**WHAT THE TASK REQUIRES:** Starting with the line with "湖北楚天协作体2025-20" in the entries below and going on through the line with "首元やバッグ、ベルト代わりに", output every line exactly and nothing more. No pictures.

**DATASET RECORDS:**

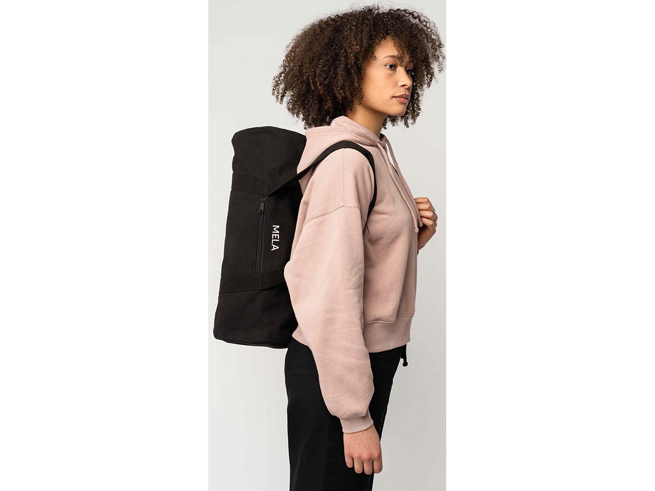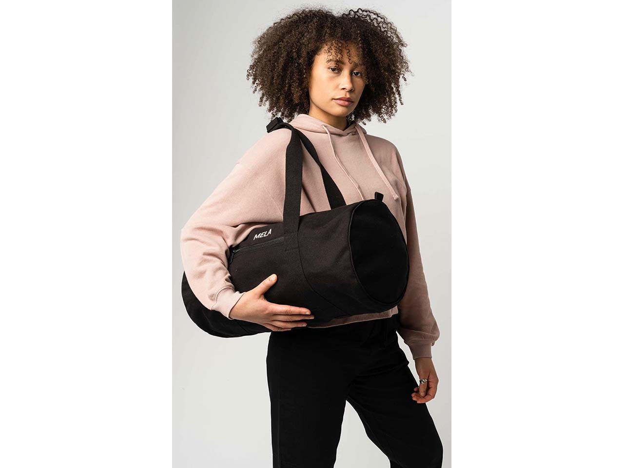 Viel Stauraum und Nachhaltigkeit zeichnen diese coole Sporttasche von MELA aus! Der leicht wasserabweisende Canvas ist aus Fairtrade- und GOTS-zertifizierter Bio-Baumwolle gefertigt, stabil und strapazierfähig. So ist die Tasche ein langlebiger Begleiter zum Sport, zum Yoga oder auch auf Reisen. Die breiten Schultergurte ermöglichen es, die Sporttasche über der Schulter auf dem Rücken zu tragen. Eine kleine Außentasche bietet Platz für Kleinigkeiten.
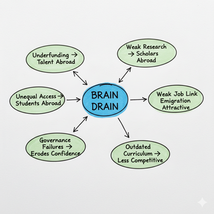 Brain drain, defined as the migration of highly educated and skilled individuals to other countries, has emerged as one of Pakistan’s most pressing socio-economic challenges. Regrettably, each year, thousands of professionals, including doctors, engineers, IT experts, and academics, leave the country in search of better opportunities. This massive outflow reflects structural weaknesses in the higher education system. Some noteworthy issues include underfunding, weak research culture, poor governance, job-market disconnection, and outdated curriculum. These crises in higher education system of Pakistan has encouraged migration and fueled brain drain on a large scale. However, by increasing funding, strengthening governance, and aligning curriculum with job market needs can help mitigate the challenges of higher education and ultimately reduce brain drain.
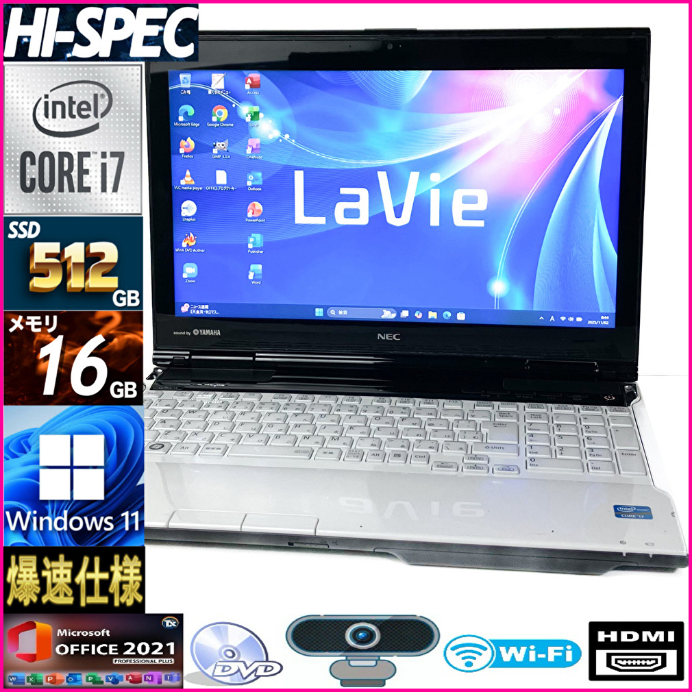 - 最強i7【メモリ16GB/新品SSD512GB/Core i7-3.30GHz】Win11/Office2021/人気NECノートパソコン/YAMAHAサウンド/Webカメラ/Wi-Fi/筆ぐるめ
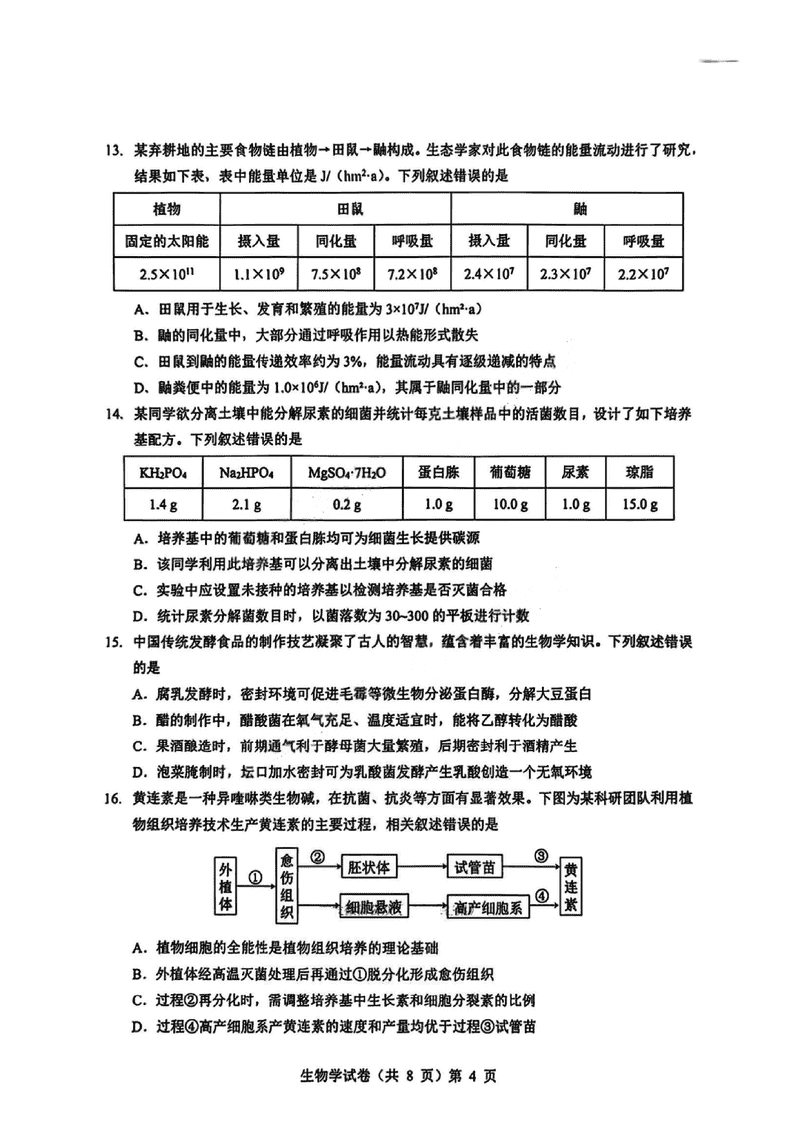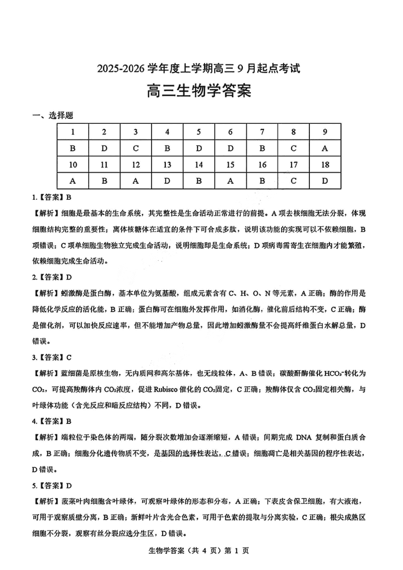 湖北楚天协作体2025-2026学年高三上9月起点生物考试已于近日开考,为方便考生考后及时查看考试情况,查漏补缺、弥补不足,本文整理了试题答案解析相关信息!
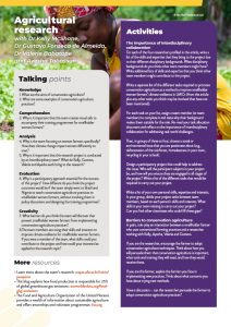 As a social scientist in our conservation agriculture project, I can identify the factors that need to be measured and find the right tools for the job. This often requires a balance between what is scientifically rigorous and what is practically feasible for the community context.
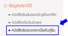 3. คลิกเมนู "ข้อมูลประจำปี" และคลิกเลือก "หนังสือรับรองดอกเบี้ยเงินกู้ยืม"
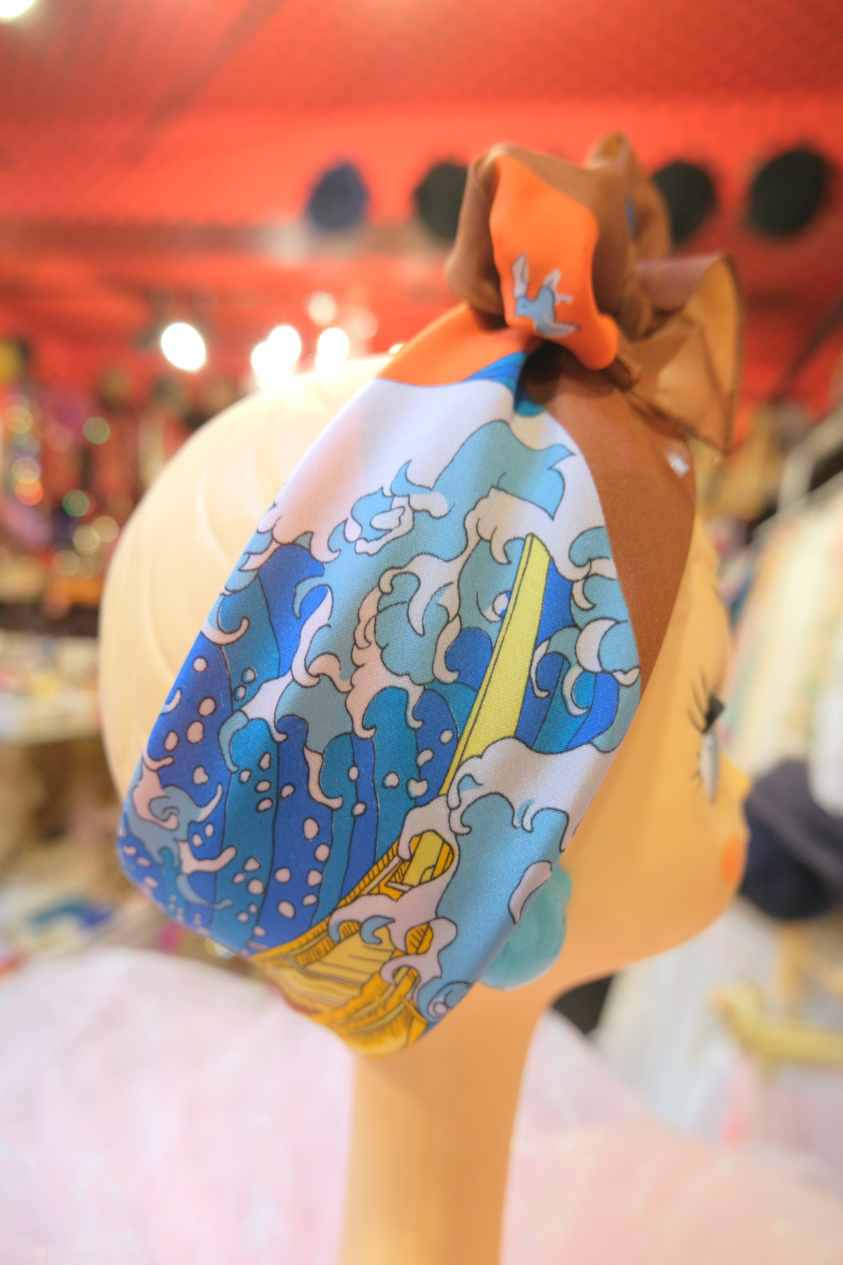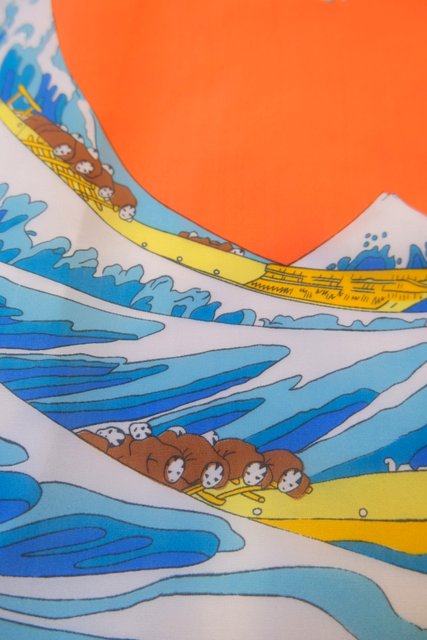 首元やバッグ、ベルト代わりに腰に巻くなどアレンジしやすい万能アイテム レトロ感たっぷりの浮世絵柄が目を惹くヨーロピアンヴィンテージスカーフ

--

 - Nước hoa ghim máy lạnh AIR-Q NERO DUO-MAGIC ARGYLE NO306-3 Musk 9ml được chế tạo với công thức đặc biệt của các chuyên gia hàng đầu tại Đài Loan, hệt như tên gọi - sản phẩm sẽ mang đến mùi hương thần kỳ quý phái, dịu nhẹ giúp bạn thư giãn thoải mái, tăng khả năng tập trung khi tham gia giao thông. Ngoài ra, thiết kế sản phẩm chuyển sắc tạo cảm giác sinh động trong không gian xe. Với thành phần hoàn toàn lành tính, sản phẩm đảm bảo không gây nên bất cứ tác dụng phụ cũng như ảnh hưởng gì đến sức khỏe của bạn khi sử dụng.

**TASK ANSWER:**
 湖北楚天协作体2025-2026学年高三上9月起点生物考试已于近日开考,为方便考生考后及时查看考试情况,查漏补缺、弥补不足,本文整理了试题答案解析相关信息!
 As a social scientist in our conservation agriculture project, I can identify the factors that need to be measured and find the right tools for the job. This often requires a balance between what is scientifically rigorous and what is practically feasible for the community context.
 3. คลิกเมนู "ข้อมูลประจำปี" และคลิกเลือก "หนังสือรับรองดอกเบี้ยเงินกู้ยืม"
 首元やバッグ、ベルト代わりに腰に巻くなどアレンジしやすい万能アイテム レトロ感たっぷりの浮世絵柄が目を惹くヨーロピアンヴィンテージスカーフ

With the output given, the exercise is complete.